Global sales of green bonds – the largest category of sustainable debt by dollar volume – hit a record $513bn last year, according to data compiled by Bloomberg.

Sales could reach fresh highs of between $900bn and $1 trillion by the end of this year and up to $5 trillion by 2025, the London-based Climate Bonds Initiative (CBI) estimates.

Borrowers around the world, nonetheless, will have to raise even more money to tackle climate change, with a recent analysis from McKinsey & Co. estimating $9.2 trillion a year annually through 2050 in investment needed to reach net zero. There’s a need to shift more capital to greener initiatives — in addition to raising new debt — to achieve the trillions of dollars needed, according to Sean Kidney, chief executive officer of the non-profit CBI.

“In the green bond market, a lot of which is financing or rethinking what we do, we need to be getting to $5 trillion a year to be making a reasonable contribution,” Kidney said in a Zoom interview on Tuesday.

Robust pipeline
The CBI’s supply projections are based on the continued acceleration of green issuance, strong investor demand that’s expected to spur more debt linked to environmental, social and governance projects – shorthanded as ESG – as well discussions with the underwriters for the bonds, Kidney said. He expects more corporations to bring new deals and the Chinese market to surge by 100 per cent this year.
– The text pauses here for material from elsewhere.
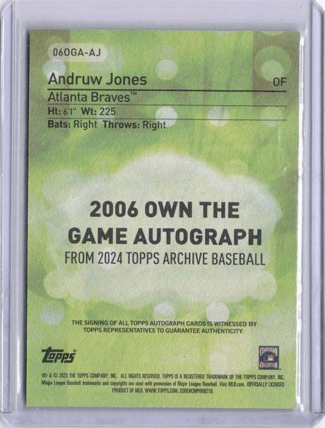 Andruw Jones 2023 Topps Own The Game Auto Braves

BNP Paribas, one of the biggest underwriters of ESG-linked bonds, is projecting $880bn in global green bond sales this year, including $265bn from emerging markets in 2022.

Morgan Stanley is forecasting $750bn to $950bn, driven by the European Union. That would include EUR238bn equivalent from the EU’s NextGeneration Green Bond programme.

‘Gold dust’
Saudi Arabia, the world’s number one oil exporter, is readying its first-ever green bond in what is seen as a watershed moment. Qatar’s government is also eyeing the market. The US government, meanwhile, hasn’t tapped the market yet but it’s the obvious thing to do because of the price advantage that comes with the bonds, added Kidney.

Green bonds on average see more demand and perform better in the secondary market than equivalent debt without the tag. Investors also consider green bonds a lower risk compared with regular bonds and the bonds are expected to hold better in a downturn, which justifies a so-called greenium, he added.

“If you are a defensive investor, something that performs better in the secondary market and doesn’t lose its value in a downturn, that’s gold dust and that’s what we’ve got,” said Kidney.